L’activité des femmes est donc souhaitable économiquement à la fois pour les femmes elles-mêmes, mais aussi du point de vue de la société qui gagne à mieux développer son potentiel productif. De plus, Méda reprend l’argument démographique, entre autres développé par Espring-Andersen, à savoir qu’il faut faciliter la conciliation entre la vie professionnelle et familiale pour que les femmes aient plus d’enfants. En effet, des études ont montré que si les femmes doivent choisir entre travail et maternité, certaines renoncent à avoir des enfants, tandis qu’elles en ont davantage dans les pays qui facilitent l’articulation entre travail et famille.

3.2.3CHANGER LES NORMES DE TRAVAIL EN FONCTION DES IMPÉRATIFS DE LA VIE

FAMILIALE

Les institutions n’ont pas encore été repensées et réorganisées autour de la nouvelle norme sociale du travail des femmes. Elles sont héritières du modèle « Monsieur Gagnepain et Madame Aufoyer », ce qui empêche la conciliation entre le travail et la famille. Pour permettre l’implication égale des hommes et des femmes dans les tâches domestiques, notamment celle des pères de jeunes enfants, il faut réorganiser le travail. Il faut revoir la norme de travail à temps complet, car travailler quarante d’heures par semaine est incompatible avec la possibilité de prendre soin de jeunes enfants (Ibid. : 131).

Il aurait fallu adopter des principes de concordance des temps, à tous les niveaux – nationaux, régionaux et locaux -, transférant la charge de coordination à des dispositifs collectifs et libérant ainsi les femmes de cette charge. Plus concrètement, il aurait fallu repenser a priori les dispositifs pour organiser la compatibilité des temps des hommes, des femmes et des enfants, en développant des politiques publiques, notamment locales, visant à ajuster a priori les différents horaires et faisant de cette articulation préalable des temps un objet central de négociations entre entreprises, pouvoirs locaux, élus et citoyens (Ibid. : 73)42.

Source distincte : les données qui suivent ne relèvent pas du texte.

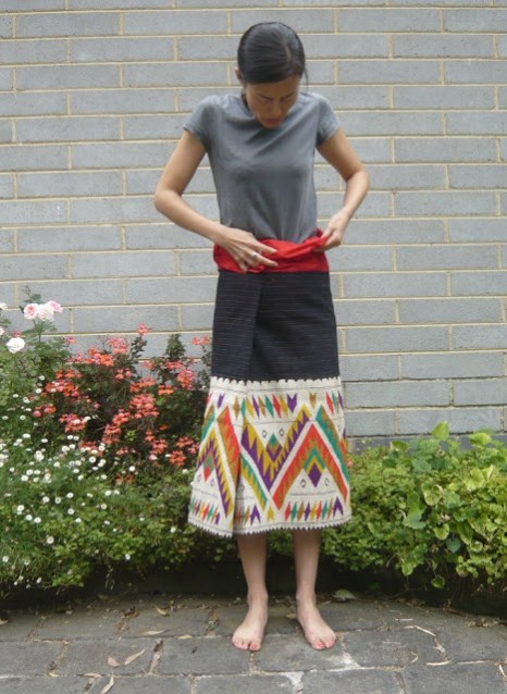 Anyway, the patterned part is actually just a width of woven material that has been stitched to two other lengths of material, one red, one navy with stripes, to form a sinh, the wearing of which I will now attempt to show you even though I have never worn one.

Méda cite des études de l’OCDE, notamment celle menée par Laurence Jaumotte (2003), qui indiquent des mesures qui auraient une incidence sur l’augmentation du taux d’activité des femmes : « investir dans le système d’accueil des jeunes Français les sommes qui y sont consacrées par les pays qui mettent les moyens les plus élevées (le Danemark, soit 2 % du PIB); appliquer aux seconds apporteurs de revenu un traitement fiscal identique à celui des personnes seules (donc, passer à un système d’imposition séparé) » (Ibid. : 129).

La proposition de Méda met donc en lumière que l’articulation du travail et de la famille ne doit plus être envisagée comme un défi individuel, mais plutôt comme un enjeu collectif.